The GCD meanwhile, and just like Highlander there is only one, is home to familiar Compute Units (CUs) resident with shader cores, ray tracing cores, texture units, and the like.
Linking MCDs to the GCD with the requisite bandwidth is the real triumph for RDNA 3. AMD calls this special sauce Infinity Fabric Fanout Technology (IFFT), illustrated in the slide above. Going by AMD’s presentations, each wire is far, far smaller than its CPU counterpart. If we crunch the numbers, GPU-optimised IFFT is over 50x as dense and provides 10x higher bandwidth than Infinity Fabric On Package (IFOP) used for CPUs. Take a moment for that to sink in.
We needed a new package technology and a new link technology. And that’s what we have implemented.Sam Naffziger, AMD Senior Vice President and Product Technology Architect
Without IFFT, make no mistake, there is no chiplet-based RDNA 3, as scaling incumbent CPU IFOP technology would result in huge amounts of power diverted solely for the interconnects, let alone any die-space ramifications. Nevertheless, building links between chiplets isn’t a free energy lunch. IFFT takes crucial space and power to perform its high-speed data shuttles at 9.2Gb/s.
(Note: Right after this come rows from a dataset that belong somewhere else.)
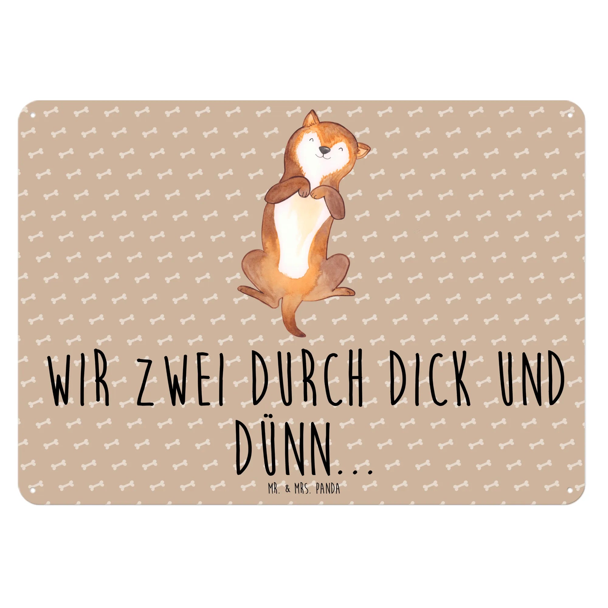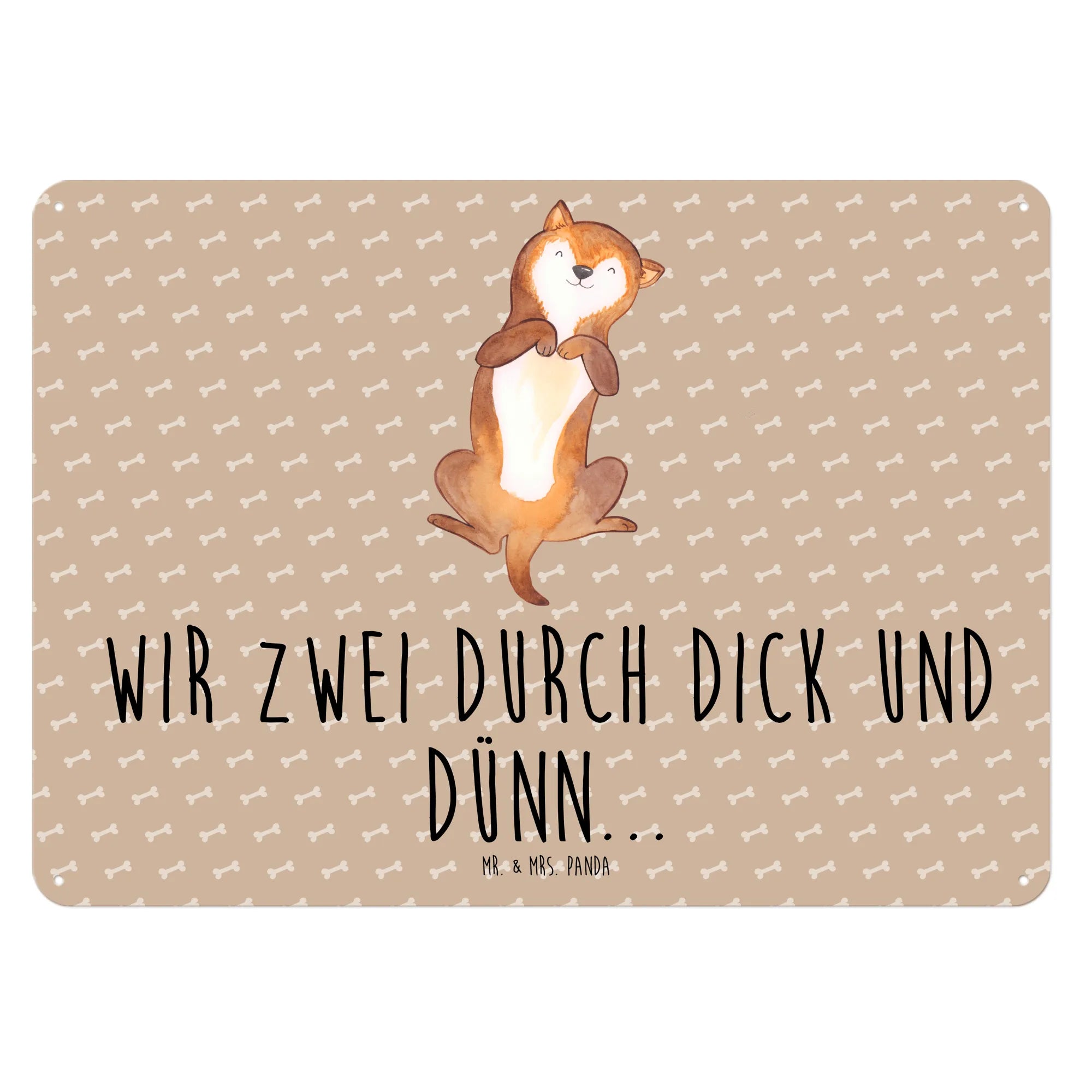 Das wunderschöne Blechschild "Hund Bauchkraulen" aus der Hunde Kollektion von Mr. & Mrs. Panda ist das perfekte Geschenk für alle Hundeliebhaber und Hundebesitzer. Wenn du einen besonderen Menschen in deinem Leben kennst, der Hunde liebt oder vielleicht sogar einen treuen vierbeinigen Freund besitzt, dann wirst du mit diesem Schild garantiert ein Lächeln auf ihr Gesicht zaubern. Der süße Hund, der begeistert auf dem Rücken liegt und sich den Bauch kraulen lässt, verkörpert pure Lebensfreude und den besonderen Moment, den viele Hundehalter täglich erleben. Mit dem liebevollen Slogan "Wir zwei durch dick und dünn..." wird dieses Schild zu einem herzlich willkommenen dekorativen Highlight in jedem Zuhause.
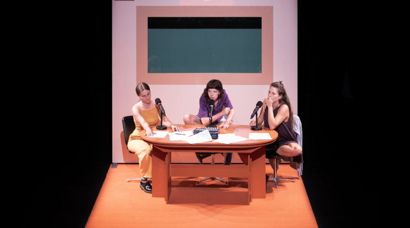 Mais Macbeths on air ne serait rien sans le talent de ses trois comédienne : Liona Lutz, Georgia Rushton et Mathilde Lyon excellent dans leurs rôles. Elles parviennent à alterner les différents accents – genevois, suisse-allemand, écossais, québécois, britannique, américain, et même sud-américain lors des dépêches en espagnol ! – sans tomber, là non plus, dans la caricature. Le tout est également réalisé avec une belle économie de moyens : outre le plateau de radio et la vitre qui se trouve derrière, peu de costumes sont utilisés pour incarner la multitude de personnages, si ce n’est quelques vestes et un ou deux accessoires. On apprécie particulièrement l’utilisation de l’espace derrière la vitre, notamment lors de l’intervention des manifestant·e·s anti-Macbeth.
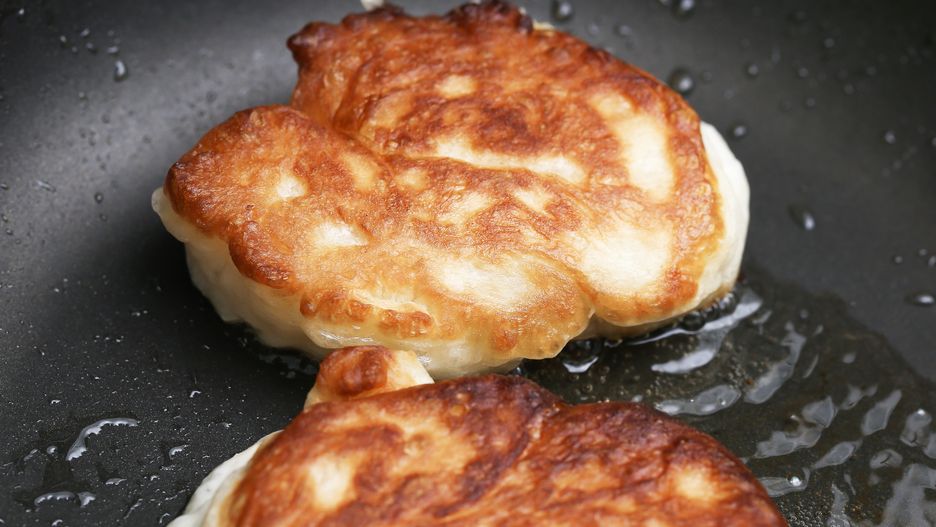 - Rozgrzewam olej na patelni, nakładam porcje ciasta łyżką i smażę na złoty kolor z obu stron.
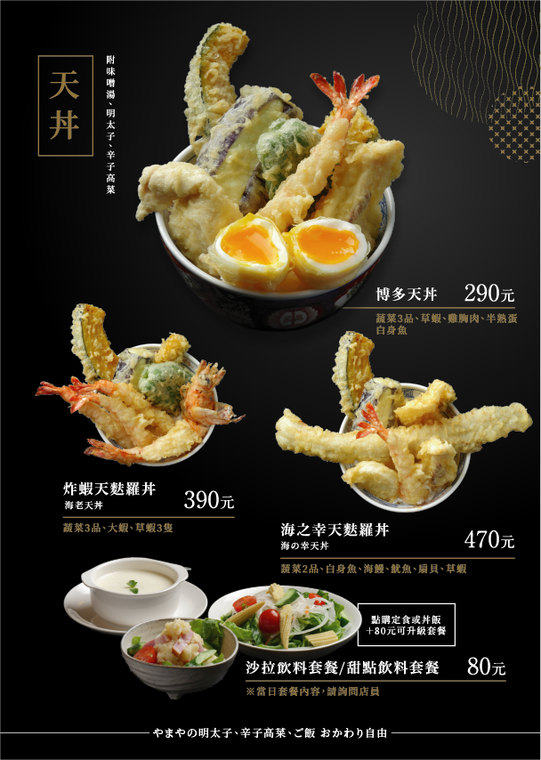 博多天麩羅山海源自於日本九州,特色是提供熱騰騰、現炸酥脆的天婦羅,附上特有的飛魚高湯加上鰹魚之濃厚的醬汁,加上使用新鮮季節感的食材,讓每一口體現脆脆口感和品嚐出食材本身的原有風味,是從味道至外觀都有徹底講究的天婦羅專賣店。 秉持對料理品質的堅持,特地使用九州名物博多織裝潢的店內,還可以享用道地明太子,辛子高菜以及白飯無限量供應。

We estimate adding relevant links, as opposed to a purely monolithic design, increases die area by close to 15 per cent while adding precious watts to overall consumption.
As it is, each TSMC-fabricated 6nm MCD weighs in at around 37mm² and houses some 2bn transistors. That’s a combined 222mm² and 12bn transistors right there for Navi 31 silicon. CU-housing GCD is a significant 300mm², meaning the combined size of the Navi multi-chip GPU is 522mm².
An interesting question arises. Is it better to have a 5nm monolith chip at 450mm² – the size we estimate Navi 31 would be on a single piece of silicon; there would be no space- and power-taking IFFT links – or a multi-chip 5nm/6nm at 522mm²? Not an easy one to answer, and one we’re sure AMD’s bean counters wrestled with.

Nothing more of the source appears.